[Opening DATA TO USE section]
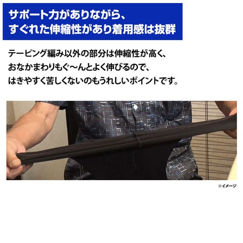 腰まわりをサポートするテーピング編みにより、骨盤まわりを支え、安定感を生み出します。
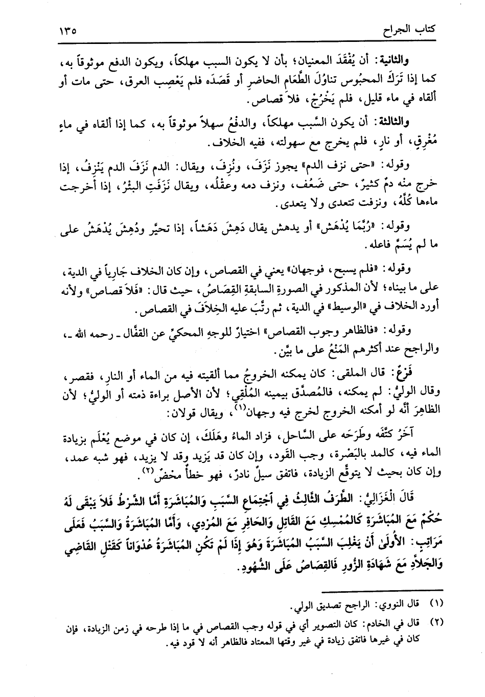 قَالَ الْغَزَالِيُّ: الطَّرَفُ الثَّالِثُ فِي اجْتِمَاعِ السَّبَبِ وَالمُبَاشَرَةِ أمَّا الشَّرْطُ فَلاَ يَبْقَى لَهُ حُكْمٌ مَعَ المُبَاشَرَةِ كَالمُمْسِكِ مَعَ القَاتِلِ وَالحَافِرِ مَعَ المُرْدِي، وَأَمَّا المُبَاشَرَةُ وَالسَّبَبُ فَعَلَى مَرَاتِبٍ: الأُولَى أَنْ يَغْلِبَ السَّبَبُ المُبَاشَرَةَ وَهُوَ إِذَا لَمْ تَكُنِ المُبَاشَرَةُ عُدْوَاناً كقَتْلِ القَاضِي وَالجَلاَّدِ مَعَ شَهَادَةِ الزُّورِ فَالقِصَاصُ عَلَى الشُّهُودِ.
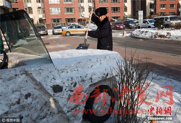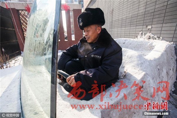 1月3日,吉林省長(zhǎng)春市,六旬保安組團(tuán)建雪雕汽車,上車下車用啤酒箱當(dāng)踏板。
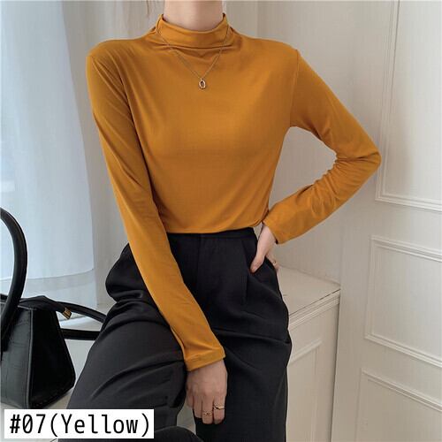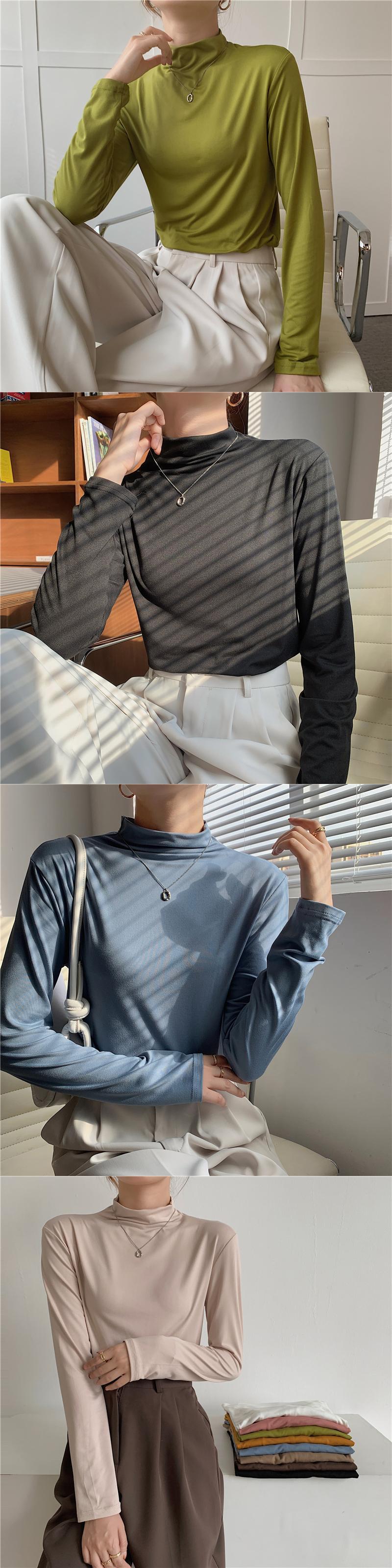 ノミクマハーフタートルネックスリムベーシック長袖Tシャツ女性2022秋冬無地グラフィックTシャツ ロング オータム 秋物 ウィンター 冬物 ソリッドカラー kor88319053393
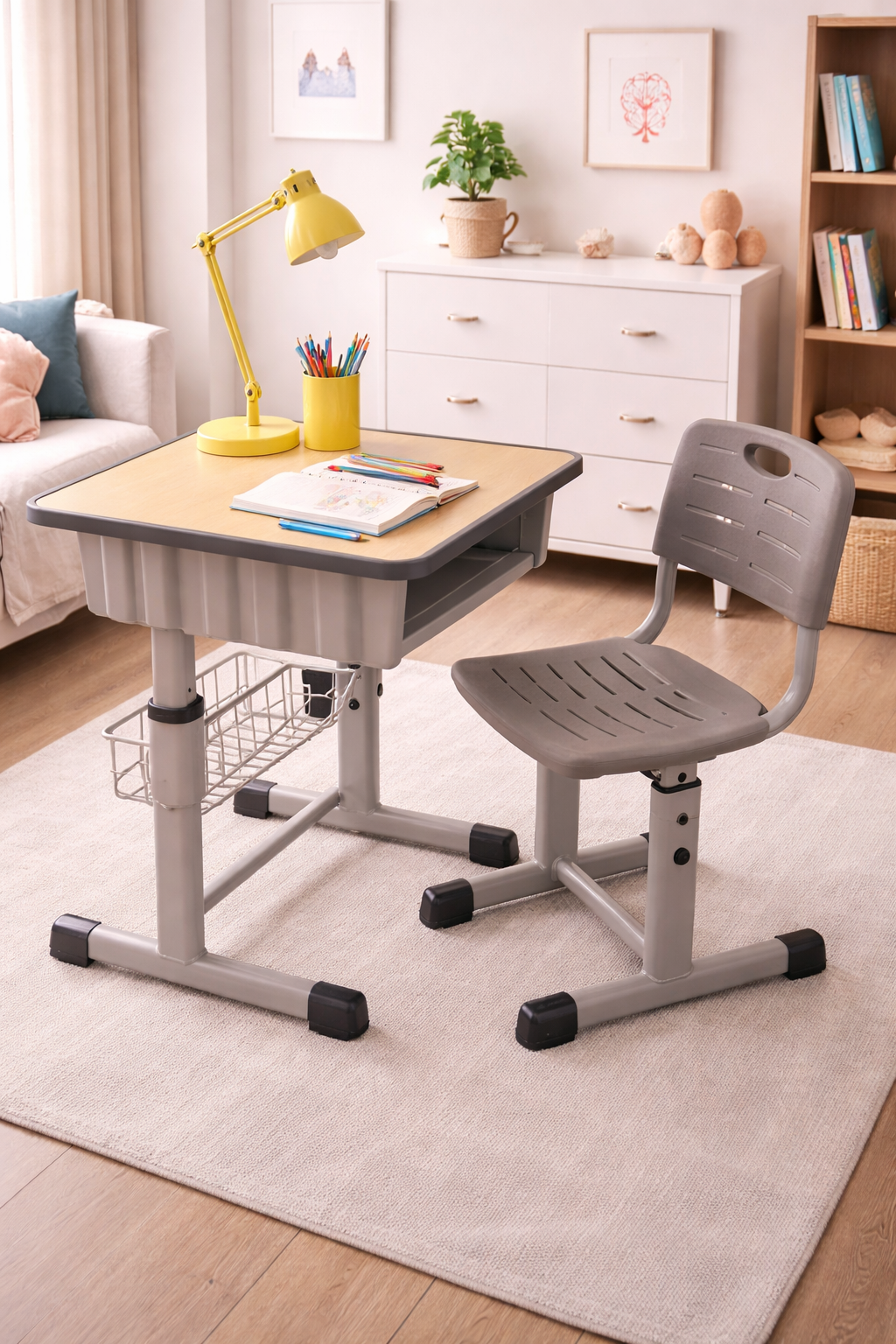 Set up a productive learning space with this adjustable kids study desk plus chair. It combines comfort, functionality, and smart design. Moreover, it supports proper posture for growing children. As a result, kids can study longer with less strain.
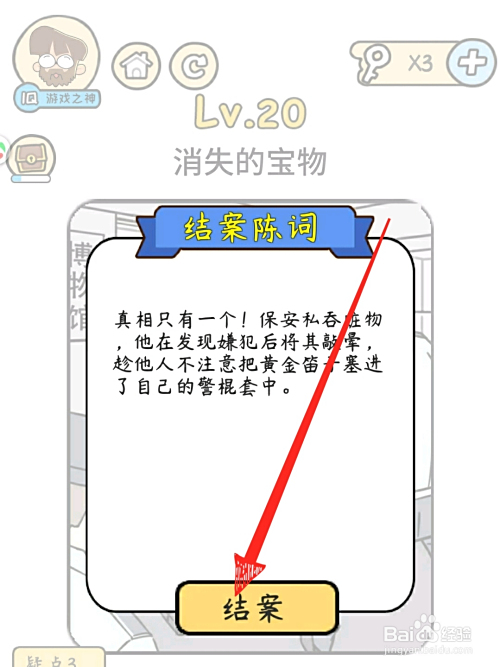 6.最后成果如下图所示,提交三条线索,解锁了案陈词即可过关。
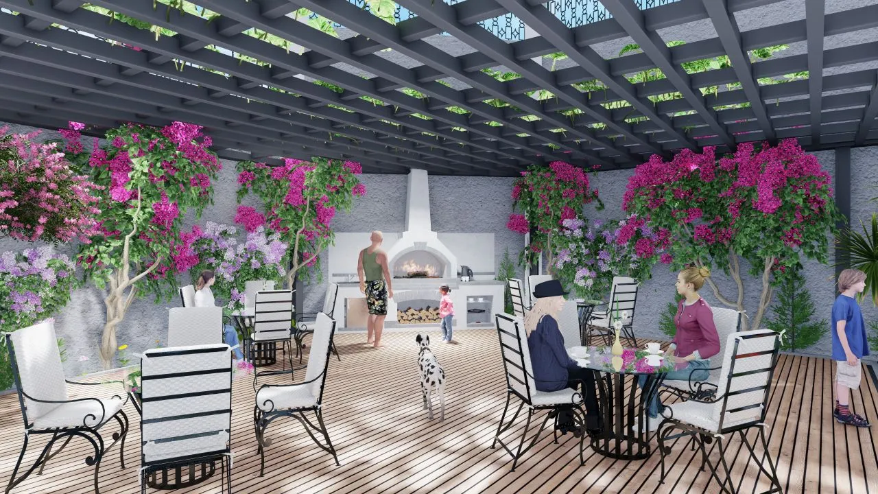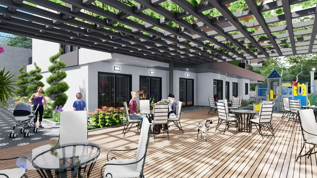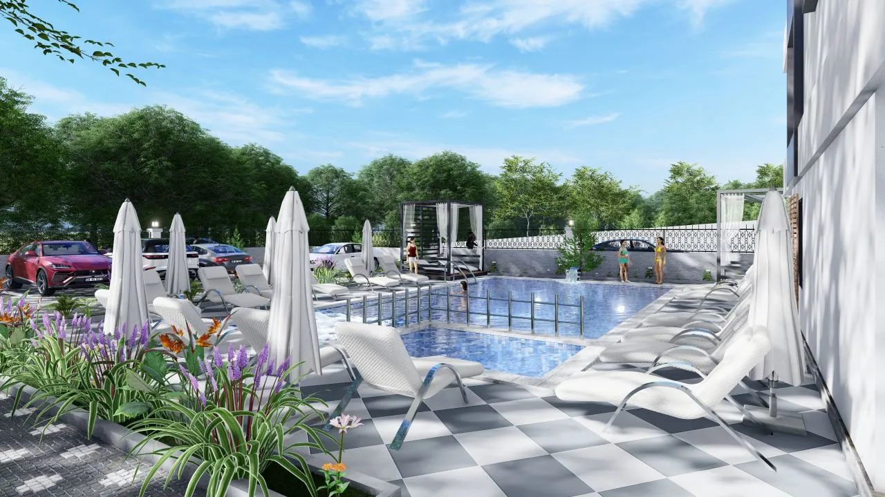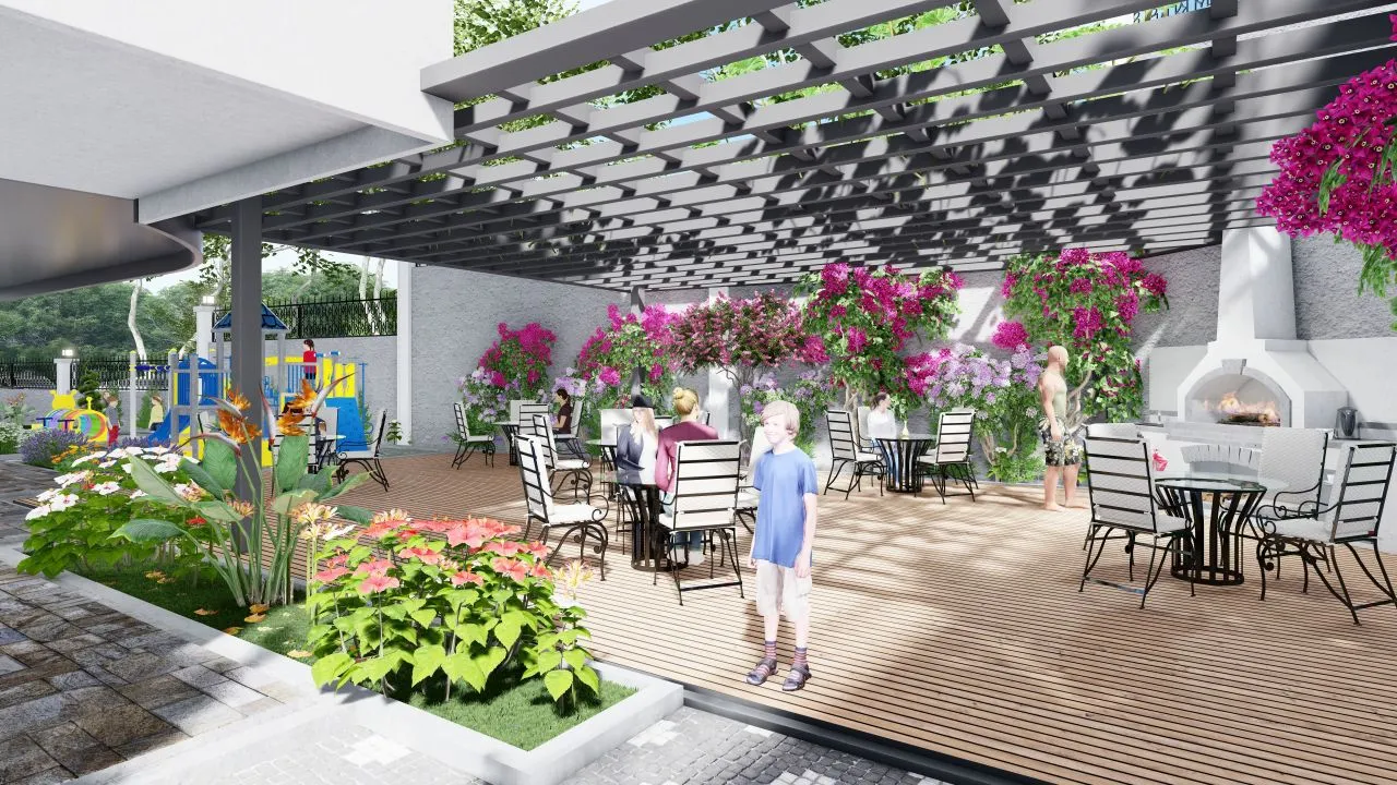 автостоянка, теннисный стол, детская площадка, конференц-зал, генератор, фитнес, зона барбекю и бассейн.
[Closing DATA TO USE section]
WORK TO BE COMPLETED –
The output must match, line for line, the span from the line containing "Set up a productive" through the end of the data, with the pictures removed.

RESPONSE FOR THIS EXERCISE –
 Set up a productive learning space with this adjustable kids study desk plus chair. It combines comfort, functionality, and smart design. Moreover, it supports proper posture for growing children. As a result, kids can study longer with less strain.
 6.最后成果如下图所示,提交三条线索,解锁了案陈词即可过关。
 автостоянка, теннисный стол, детская площадка, конференц-зал, генератор, фитнес, зона барбекю и бассейн.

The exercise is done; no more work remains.